Assigned task ▸ Output all of the data exactly as it appears, but leave out any pictures it contains.
--- --- ---
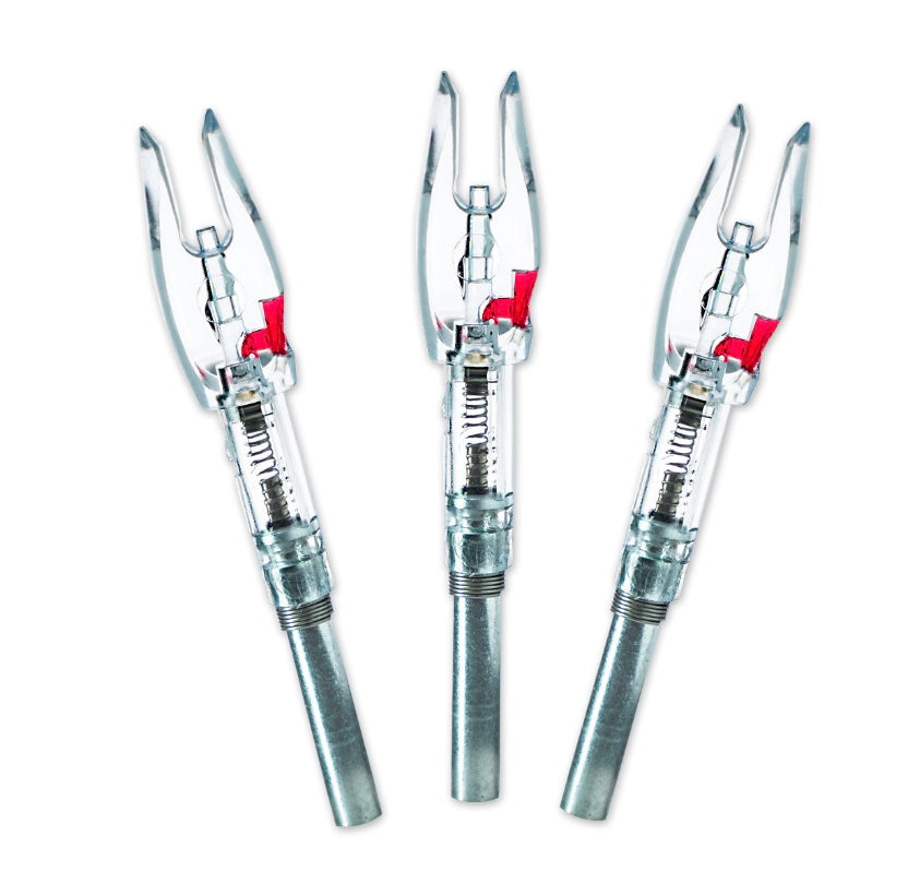 Halo Nocks provide superior, dependable performance with every shot. Their patent pending design wont accidentally turn on when placing on your bowstring. No matter how hard you push on the nock, it won’t activate until it leaves the string. In addition, this innovative design avoids any risk of a “mini-dry fire” that can occur with other lighted nocks that slip forward during release. The Halo Nock is refreshingly simple to use and available in a variety of colors and sizes
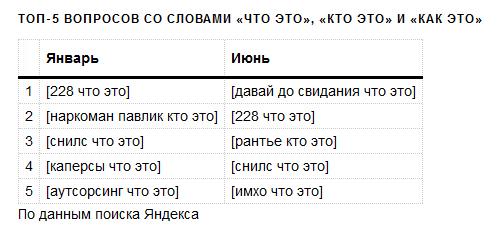 Довольно часто пользователи употребляют конструкции «что это», «кто это» и «как это» — с их помощью ищут определения новых слов, понятий и явлений. Нередко интерес к неизвестным понятиям обусловлен их широким употреблением в массовой культуре. Так, например, самый популярный зимний запрос с вопросительным словом «что» — [228 что это] — очевидно, вызван упоминаниями 228 статьи Уголовного кодекса во многих песнях российских рэп‑исполнителей и ростом популярности одежды с надписью «228». Также часто в топ неизвестных понятий попадают интернет‑мемы и интернет‑сленг.
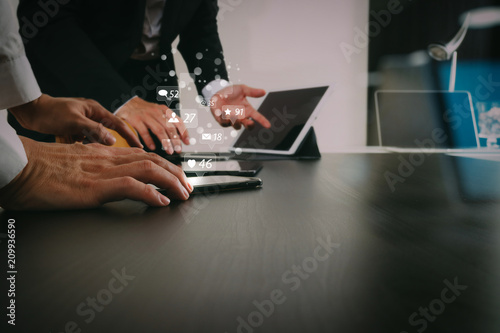 co working team meeting concept,businessman using smart phone and digital tablet and laptop computer in modern office with glass reflected view
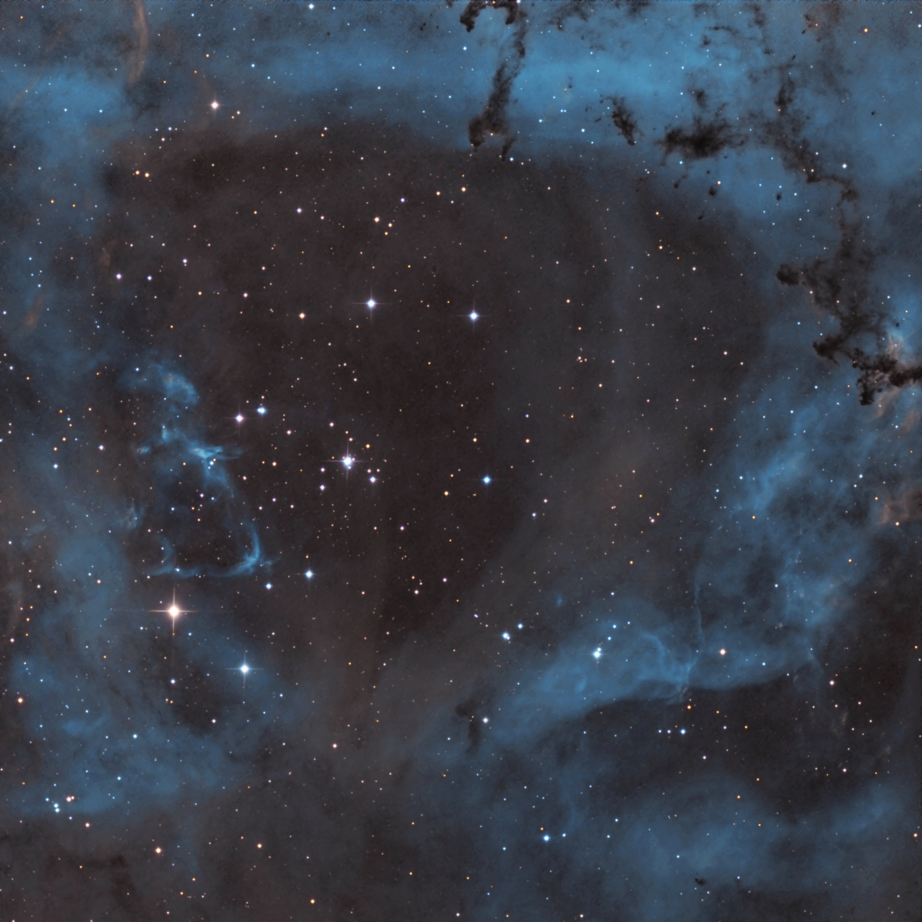Inside the Rosette Nebula lies the open cluster NCG 2244. The stellar winds from these stars produce the "hole" in the center of the nebula. Particularly noticeable, at the right, are the cosmic dust sculptures, most call them globules but I've heard of these particular ones called globulettes. At any rate, this telescope provides beautiful data showing the faint structures within the nebula, which are sometimes overlooked.
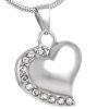 J-077 Stainless Steel Cremation Urn Pendant with Chain - Heart - Clear Stones
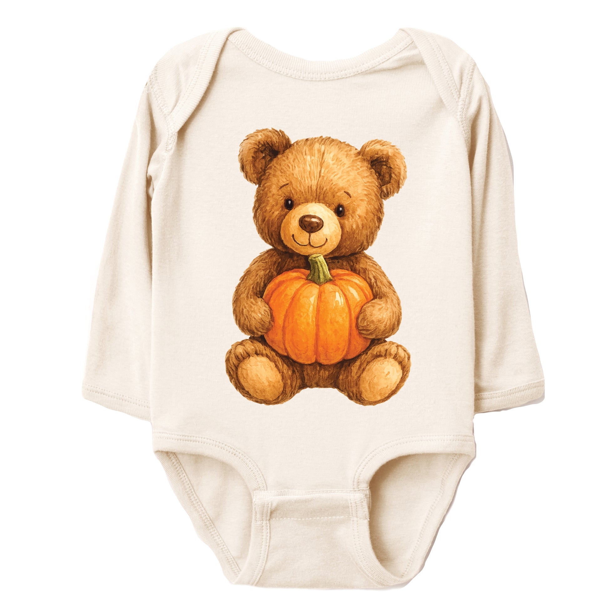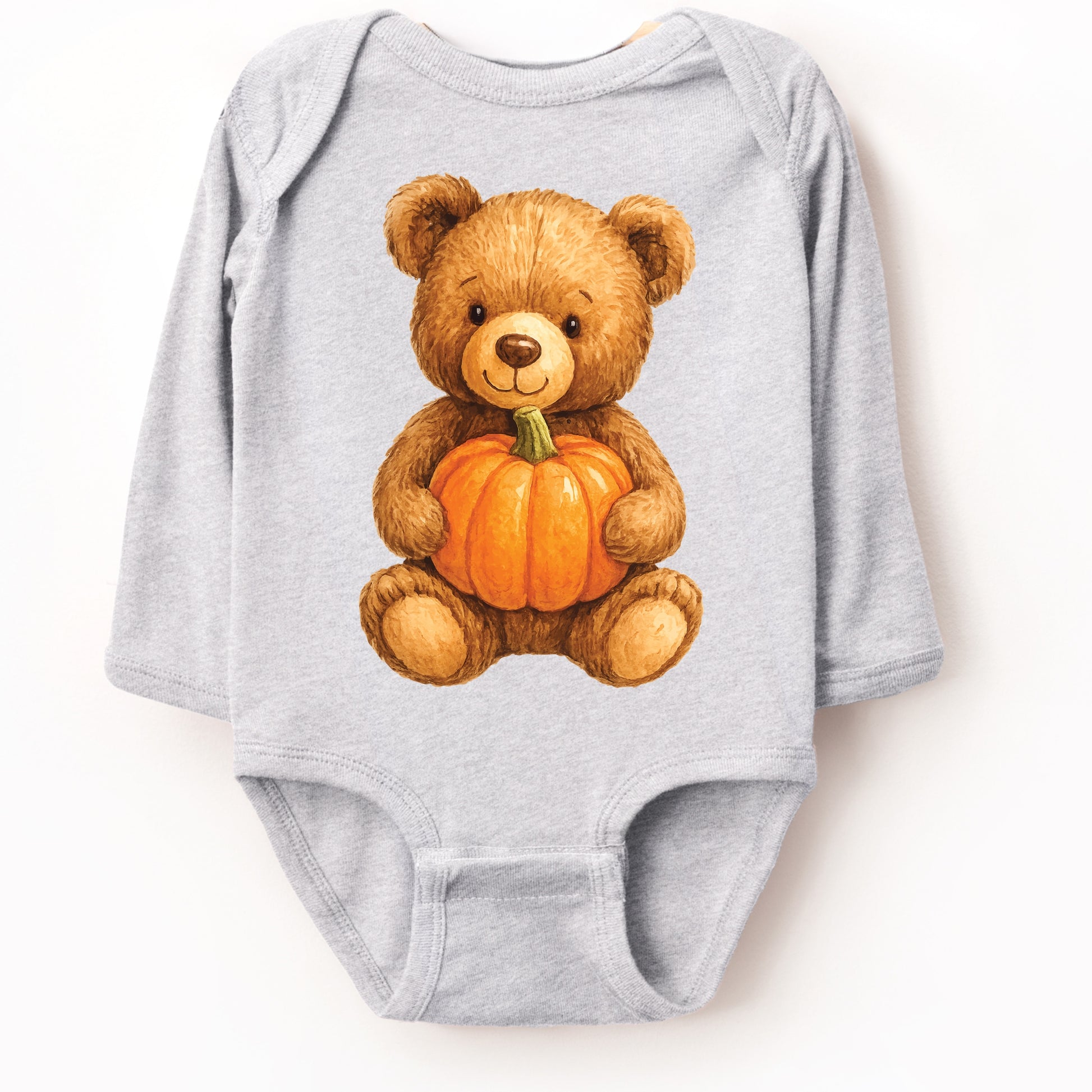 Watercolor Pumpkin Bear - Baby Long Sleeve Bodysuit
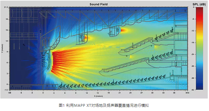 當(dāng)獲得足夠的場(chǎng)地信息之后,需要利用揚(yáng)聲器廠家提供的模擬軟件(或者通過Ease Focus這種基于GLL文件的通用設(shè)計(jì)軟件)進(jìn)行建模,這些軟件可在可視化的條件下,實(shí)時(shí)調(diào)整并計(jì)算不同設(shè)計(jì)方案的覆蓋均勻度以及聲壓級(jí)分布,較為復(fù)雜的模擬軟件(如Ease)甚至可以將反射和墻面材質(zhì)的吸聲特性都考慮在內(nèi),實(shí)現(xiàn)對(duì)反射情況的模擬(見圖1)。系統(tǒng)建模和預(yù)測(cè)的重要作用在于讓系統(tǒng)工程師在裝臺(tái)開始之前就能夠做好全部的計(jì)劃和準(zhǔn)備工作,進(jìn)而起到減少正式施工時(shí)長(zhǎng)并提高工作效率的作用。
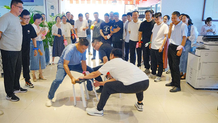 「你畫我猜」環節,每隊派出精兵強將,接力作畫猜詞,只見畫筆在白板上快速游走,傳遞時,隊員們都眉頭緊鎖、神情專注地思考,努力挖取線索,直到后一人喊出正確答案,全場爆發熱烈的掌聲,團隊的默契在這一刻達到,隊員們捧著豐富的禮品都露出勝利的喜悅。
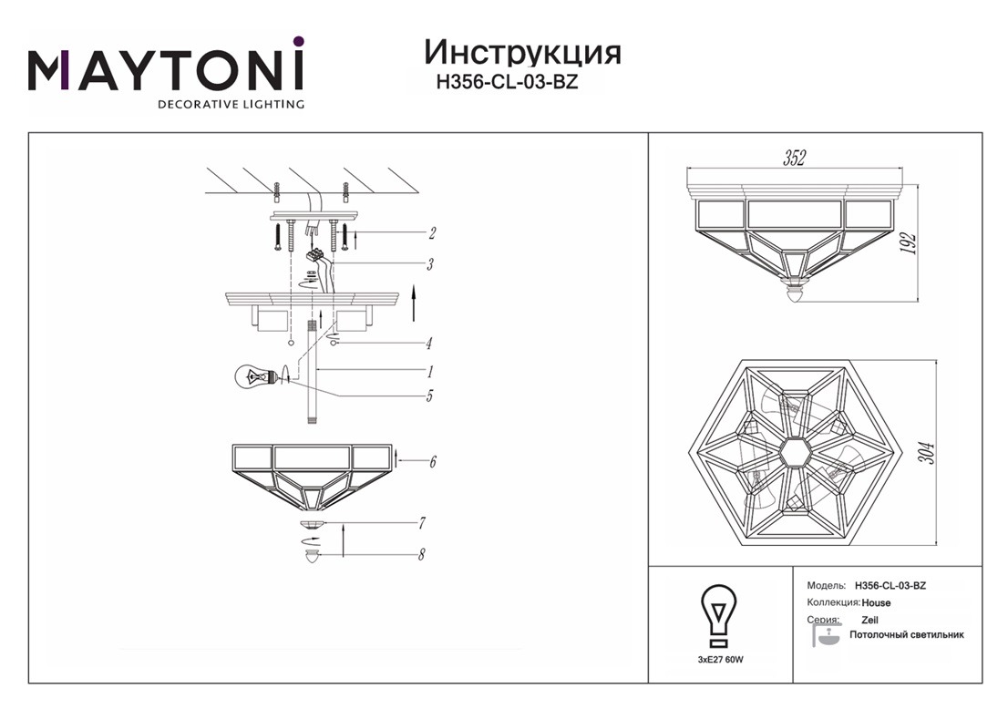 Данную модель H356-CL-03-BZ с быстрой доставкой спешите купить по цене 24 990 ₽ в магазине 220svet.ru
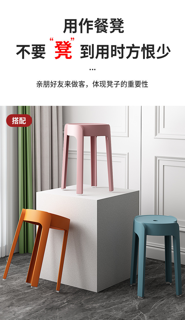 북유럽 패션 라운드 의자 플라스틱 두꺼운 성인 의자 쌓을 수있는 식탁 벤치 가정용 의자 대기 의자 높은 의자
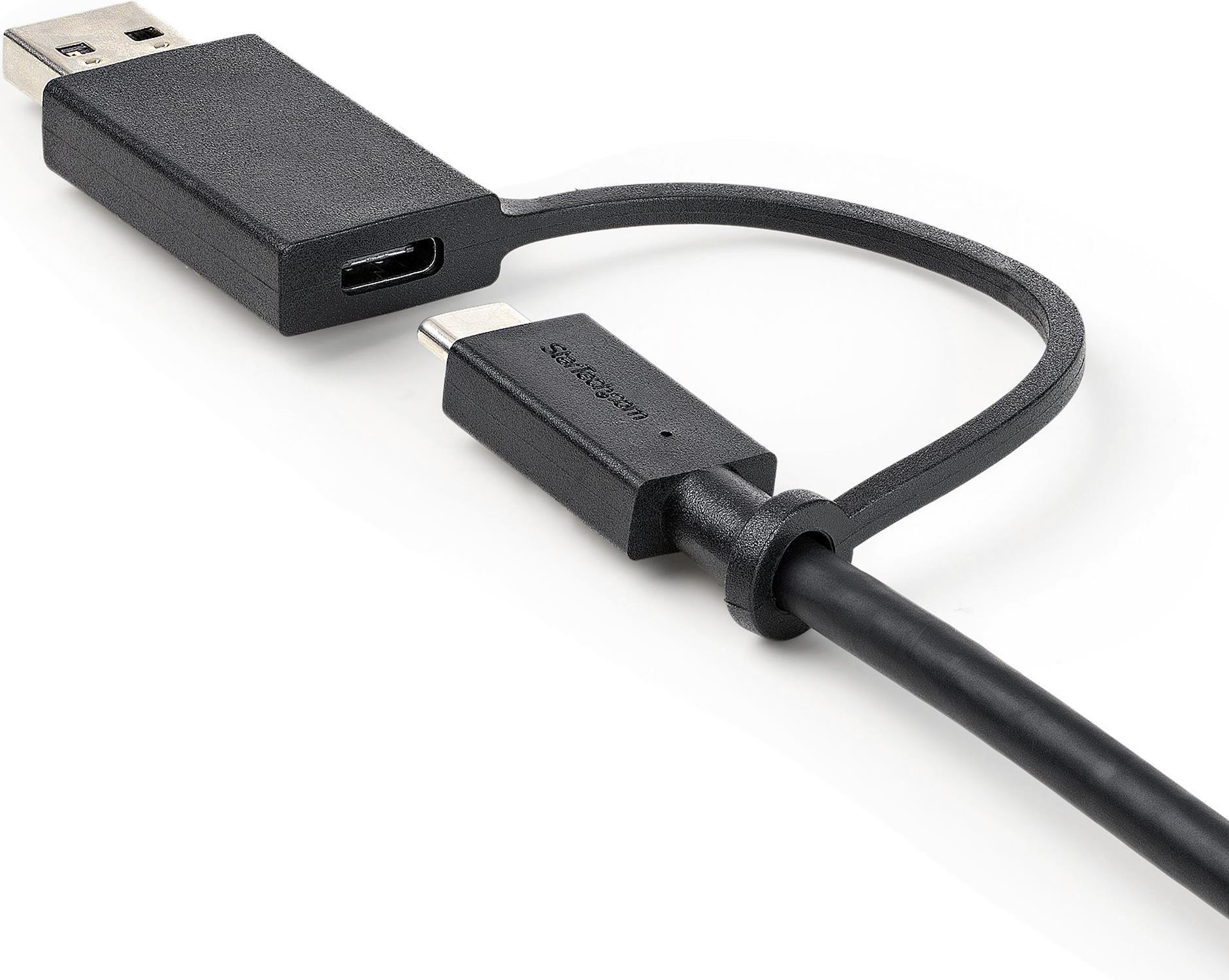 StarTech.com 3ft (1m) USB C Cable w/ USB-A Adapter Dongle, Hybrid 2-in-1 USB C Cable w/ USB-A | USB-C to USB-C (10Gbps/100W PD), USB-A to USB-C (5Gbps), USB-A Host to USB-C DisplayLink Dock - Ideal for Hybrid Dock (USBCCADP) - USB-Kabel - USB-C (M) bis USB-C (M) - 1 m - USB-Stromversorgung (100 W)
--- --- ---
Solution ▸
 Halo Nocks provide superior, dependable performance with every shot. Their patent pending design wont accidentally turn on when placing on your bowstring. No matter how hard you push on the nock, it won’t activate until it leaves the string. In addition, this innovative design avoids any risk of a “mini-dry fire” that can occur with other lighted nocks that slip forward during release. The Halo Nock is refreshingly simple to use and available in a variety of colors and sizes
 Довольно часто пользователи употребляют конструкции «что это», «кто это» и «как это» — с их помощью ищут определения новых слов, понятий и явлений. Нередко интерес к неизвестным понятиям обусловлен их широким употреблением в массовой культуре. Так, например, самый популярный зимний запрос с вопросительным словом «что» — [228 что это] — очевидно, вызван упоминаниями 228 статьи Уголовного кодекса во многих песнях российских рэп‑исполнителей и ростом популярности одежды с надписью «228». Также часто в топ неизвестных понятий попадают интернет‑мемы и интернет‑сленг.
 co working team meeting concept,businessman using smart phone and digital tablet and laptop computer in modern office with glass reflected view
Inside the Rosette Nebula lies the open cluster NCG 2244. The stellar winds from these stars produce the "hole" in the center of the nebula. Particularly noticeable, at the right, are the cosmic dust sculptures, most call them globules but I've heard of these particular ones called globulettes. At any rate, this telescope provides beautiful data showing the faint structures within the nebula, which are sometimes overlooked.
 J-077 Stainless Steel Cremation Urn Pendant with Chain - Heart - Clear Stones
 Watercolor Pumpkin Bear - Baby Long Sleeve Bodysuit
 當(dāng)獲得足夠的場(chǎng)地信息之后,需要利用揚(yáng)聲器廠家提供的模擬軟件(或者通過Ease Focus這種基于GLL文件的通用設(shè)計(jì)軟件)進(jìn)行建模,這些軟件可在可視化的條件下,實(shí)時(shí)調(diào)整并計(jì)算不同設(shè)計(jì)方案的覆蓋均勻度以及聲壓級(jí)分布,較為復(fù)雜的模擬軟件(如Ease)甚至可以將反射和墻面材質(zhì)的吸聲特性都考慮在內(nèi),實(shí)現(xiàn)對(duì)反射情況的模擬(見圖1)。系統(tǒng)建模和預(yù)測(cè)的重要作用在于讓系統(tǒng)工程師在裝臺(tái)開始之前就能夠做好全部的計(jì)劃和準(zhǔn)備工作,進(jìn)而起到減少正式施工時(shí)長(zhǎng)并提高工作效率的作用。
 「你畫我猜」環節,每隊派出精兵強將,接力作畫猜詞,只見畫筆在白板上快速游走,傳遞時,隊員們都眉頭緊鎖、神情專注地思考,努力挖取線索,直到后一人喊出正確答案,全場爆發熱烈的掌聲,團隊的默契在這一刻達到,隊員們捧著豐富的禮品都露出勝利的喜悅。
 Данную модель H356-CL-03-BZ с быстрой доставкой спешите купить по цене 24 990 ₽ в магазине 220svet.ru
 북유럽 패션 라운드 의자 플라스틱 두꺼운 성인 의자 쌓을 수있는 식탁 벤치 가정용 의자 대기 의자 높은 의자
 StarTech.com 3ft (1m) USB C Cable w/ USB-A Adapter Dongle, Hybrid 2-in-1 USB C Cable w/ USB-A | USB-C to USB-C (10Gbps/100W PD), USB-A to USB-C (5Gbps), USB-A Host to USB-C DisplayLink Dock - Ideal for Hybrid Dock (USBCCADP) - USB-Kabel - USB-C (M) bis USB-C (M) - 1 m - USB-Stromversorgung (100 W)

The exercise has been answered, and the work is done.